When objects or gas are close enough, they are slowly whirlpooled in, causing the glowing accretion ring that surrounds the black hole. Once they pass the horizon, even light cannot escape.

But the supermassive black holes at the center of the Milky Way and Messier 87 are much too large to be the remnants of a once massive star and must have been formed in some other way. Modern theories assume that there are supermassive black holes at the center of all galaxies, and they are involved in their formation.

How was it photographed?

The Event Horizon Telescope (EHT) – named for the event horizon in a black hole – is the largest telescope ever built. It’s actually not one telescope – it’s 8. The EHT is 8 radio telescopes all around the world linked together to create one ‘earth sized’ telescope. It was designed specifically for the photographing of black holes and has an unprecedented sensitivity and resolution.

“Over 10 years ago, we linked radio dishes in California and Arizona to the SMA and other telescopes in Hawaii, allowing us to discover features in Sgr A* that were the size of the black hole shadow. This breakthrough launched the EHT, leading us to the wonderful Sgr A* image revealed today,” said Sheperd Doeleman, founding director of the EHT.

The telescopes observed in tandem during several nights in 2017, collecting a mountain of data. They photographed both M87* and Sgr A* during this time.

The photo of M87* was released on April 10, 2019. It was much easier to put together the photo of M87* as it is so much larger than Sgr A*. All the photos taken of M87* looked about the same.

The photos of Sgr A* did not.

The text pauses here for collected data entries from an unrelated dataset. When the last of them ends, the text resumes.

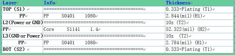 下圖為四層板的參考疊層,其中中間兩層為參考層,參考層通常為GND或Power,并且差分線所對應(yīng)的參考層必須完整,不能被分割,否則會導(dǎo)致差分線阻抗不連續(xù)。若是以圖 2疊層設(shè)計四層板,通常設(shè)計時差分線采用4.5mil的線寬及5.5mil的線間距既可以滿足差分阻抗90Ω。然而4.5mil線寬及5.5mil線間距只是我們理論設(shè)計值,最終電路板廠依據(jù)要求的阻抗值并結(jié)合生產(chǎn)的實(shí)際情況和板材會對線寬線間距及到參考層的距離做適當(dāng)?shù)恼{(diào)整。
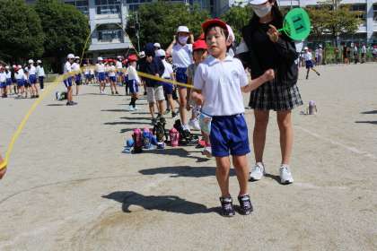 なわとび週間が始まりました。6年生のお兄ちゃん、お姉ちゃんが、1,2年生の背中をやさしく押して跳ぶタイミングを教えてくれているグループがたくさんありました。心あたたまる活動になりました。6年生のみんな、ありがとうね。
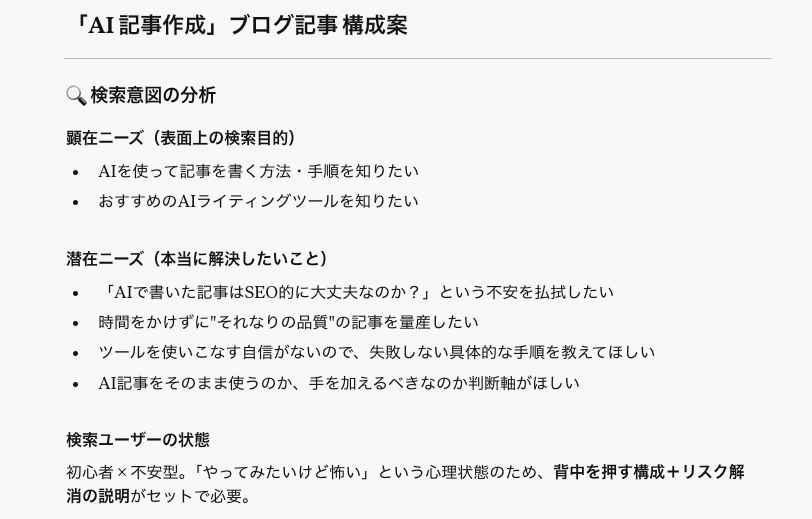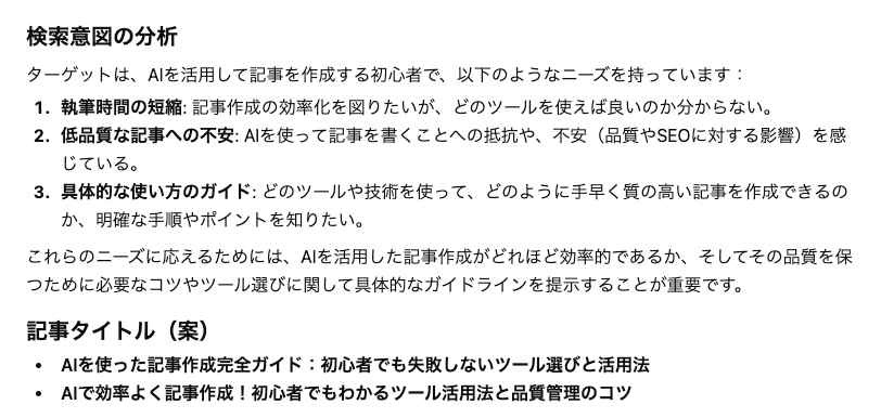 これらの専用ツールは、SEOに必要な見出し構成や関連キーワードの網羅性をシステム側でサポートしてくれるため、プロンプト作りに慣れていない初心者でも記事を作りやすいのが魅力です。

It takes almost a day to orbit M87*, while it only takes minutes to orbit Srg A*. This means the brightness of Sgr A* was constantly changing, making it much more difficult to capture.

“Sgr A* was changing rapidly as the EHT Collaboration was observing it – a bit like trying to take a clear picture of a puppy quickly chasing it’s tail,” EHT scientist Chi-kwan Chan, from Steward Observatory and Department of Astronomy and the Data Science Institute of the University of Arizona, US said.  

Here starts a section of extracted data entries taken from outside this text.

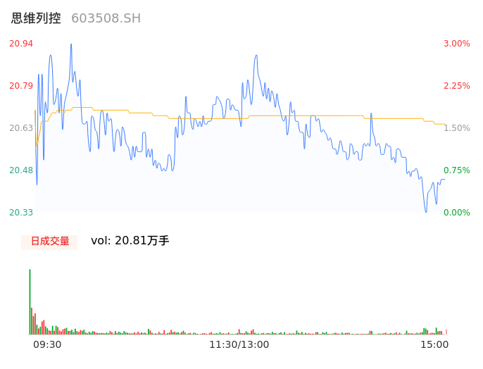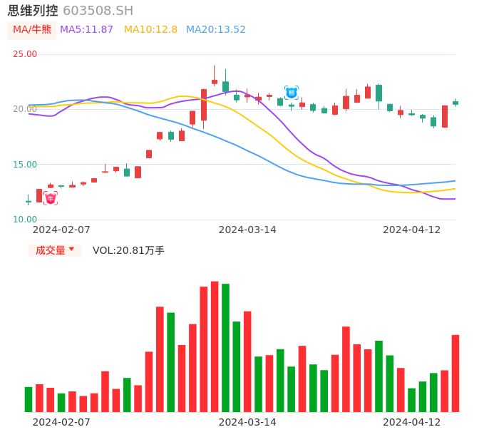 04月12日,思维列控收报20.45,股价涨幅0.59%,成交金额4.30亿元,换手率5.46%。
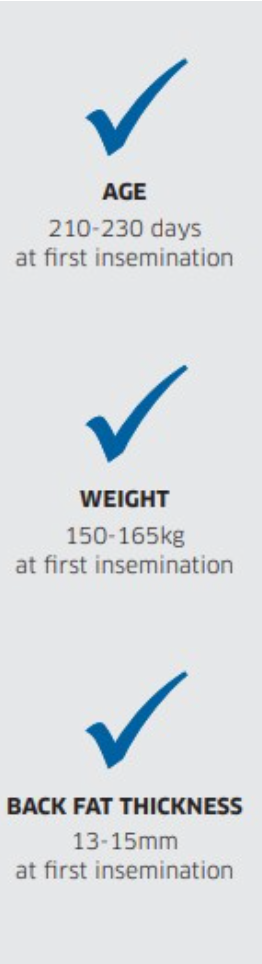 Antes del primer servicio, tres parámetros son determinantes: edad, peso vivo y espesor de grasa dorsal (P2). Con un programa de crecimiento y alimentación correcto, es posible obtener reposiciones uniformes, robustas y con el máximo potencial reproductivo.
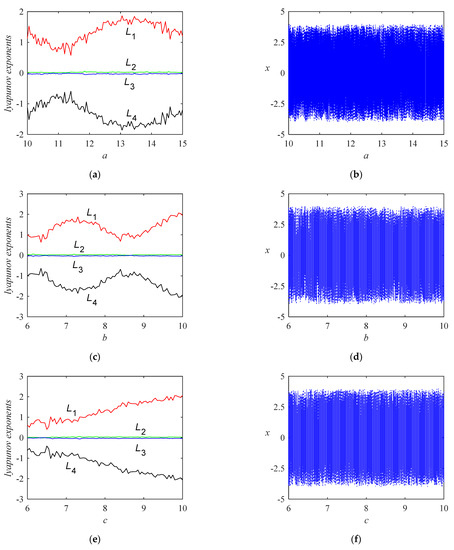 Lyapunov exponent spectrum and bifurcation diagrams of system (1). (a) Lyapunov exponents versus a with b = c = 8 and (x0, y0, z0, w0) = (2, 2, 2, 2). (b) Bifurcation of x versus a with b = c = 8 and (x0, y0, z0, w0) = (2, 2, 2, 2). (c) Lyapunov exponents versus b with a = 12, c = 8 and (x0, y0, z0, w0) = (2, 2, 2, 2). (d) Bifurcation of x versus b with a = 12, c = 8 and (x0, y0, z0, w0) = (2, 2, 2, 2). (e) Lyapunov exponents versus c with a = 12, b = 8 and (x0, y0, z0, w0) = (2, 2, 2, 2). (f) Bifurcation of x versus c with a = 12, b = 8 and (x0, y0, z0, w0) = (2, 2, 2, 2).

The final image is an amalgamation of thousands of images. The scientists also clustered similar images into 4 more photos with slightly different features. 

These photos were the work of over 300 researchers at 80 institutions.

Why is this important?

Science is all about matching hypotheses to observed evidence, something that is particularly difficult in astronomy. Black holes have long been predicted in Einstein’s theory of General Relativity, but until the photo of M87* in 2019 there was no undeniable, observable evidence.

The scientists are particularly excited to now have two vastly different black holes to compare and contrast.

“We have two completely different types of galaxies and two very different black hole masses, but close to the edge of these black holes they look amazingly similar,” Sera Markoff, Co-Chair of the EHT Science Council and a professor of theoretical astrophysics as the University of Amsterdam, the Netherlands said. “This tells us that General Relativity governs these objects up close and any differences we see further away must be due to differences in the material that surrounds the black holes.”

They are also using the data to test scientific theories and models of how gas behaves around black holes, as the gravity is not fully understood

“We can go a lot further in testing how gravity behaves in these extreme environments than ever before,” Keiichi Asada, and EHT scientist from the Institute of Astronomy and Astrophysics, Academia Sinica, Taipei said. 

What’s next?

The EHT has already been run again in March of 2022, with even more telescopes added to the system. They hope to share more impressive images and short videos of black holes in the near future.

“Never before have we had so much data on a black hole, and it comes at a crucial moment when our models of how gas behaves in its vicinity are in dire need of revision,” Center for Astrophysics – Harvard and Smithsonian astrophysicist Angelo Ricarte said. “The EHT is ushering in a new era of precision black hole astrophysics.”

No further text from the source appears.